Terbawa keterkejutannya, Ki Manggar dan istrinya menghentikan langkahnya. Seakan memberikan tanda, jejak telapak kaki bebek di pematang telah menuntun mereka pada serombongan burung layang-layang yang terbang bergelombang hingga menutupi langit. Itulah burung yang mempunyai nama tua cantaka, sang burung pembawa pesan para resi dan suara dewa. Dengan bergelung-gelung serombongan burung itu seperti membuat pertanda dengan sebuah tarian. Melalui suara cicitannya, tercipta nyanyian sihir yang sepertinya bukan berasal dari dunia. Atas pengaruhnya, pepohonan padi melemaskan diri dan membuat jalan yang menuntun sepasang suami istri itu pada pusat lingkaran yang membentuk gambar besar yang hanya bisa terlihat dari langit. Itulah Mandala padmasara, lingkaran- lingkaran cincin bunga Padma.
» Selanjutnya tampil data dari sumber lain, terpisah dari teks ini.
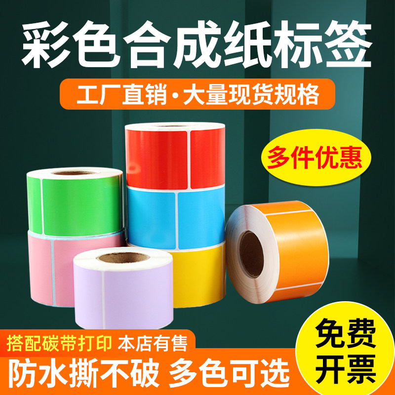 彩色铜版纸不干胶标签纸60*40 30 50 90 70 80 100红黄蓝紫牛皮色防水防油白色彩色标签纸不粘胶条码贴纸铜板
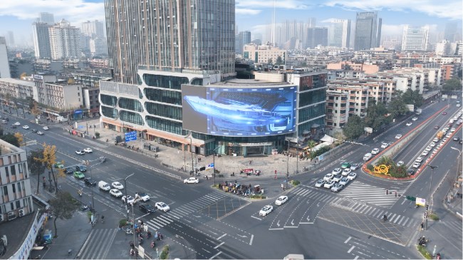 成都未來中心戶外LED大屏廣告位于蜀都大道與一環(huán)路十字路口未來中心樓體外立面以及紅綠燈上方,覆蓋多方向車道及人行天橋,車流緩行(紅燈等待90秒)與行人駐留(日均停留5-8分鐘)形成強(qiáng)制觸達(dá),品牌信息接收深度倍增。橫長近50米,高度超18米的超清曲面大屏總面積達(dá)928㎡,可呈現(xiàn)裸眼3D廣告畫面,采用多視點成像技術(shù),無需輔助設(shè)備即可呈現(xiàn)立體破屏效果,可視距離超500米,視覺沖擊力較傳統(tǒng)LED提升200%;

Sebelum keduanya menyadari peristiwa aneh di sekelilingnya, para burung pembawa pesan itu telah lenyap dengan meninggalkan suara tangisan bayi yang semakin keras di dalam lingkaran padi yang rebah. Jantung keduanya pun berdebaran kencang. Sambil berjalan mendekat, mereka seperti mendapatkan jawaban dari bermacam pertanda aneh serta mimpi yang terus menghantui tidurnya. Kejadian ganjil yang tidak hanya hadir ketika malam tetapi juga datang di kala siang. Mimpi yang terus mengalami pengulangan dan baru berhenti setelah mereka menanam sebuah kelapa berajah Dewi bumi yang mereka tanam sebagai pemujaan di sawah mereka. Itulah mimpi yang kini hadir melintasi batas kegaiban: mimpi mengenai seorang bayi yang terlahir dari buah kelapa yang telah diberkahi bumi.

“Duh Gusti pemilik hidup dan mati, inilah jawaban dari doa-doa kami selama ini?” suara Ki Manggar bergetar, seakan ia menangkap suara semesta yang mengelilinginya.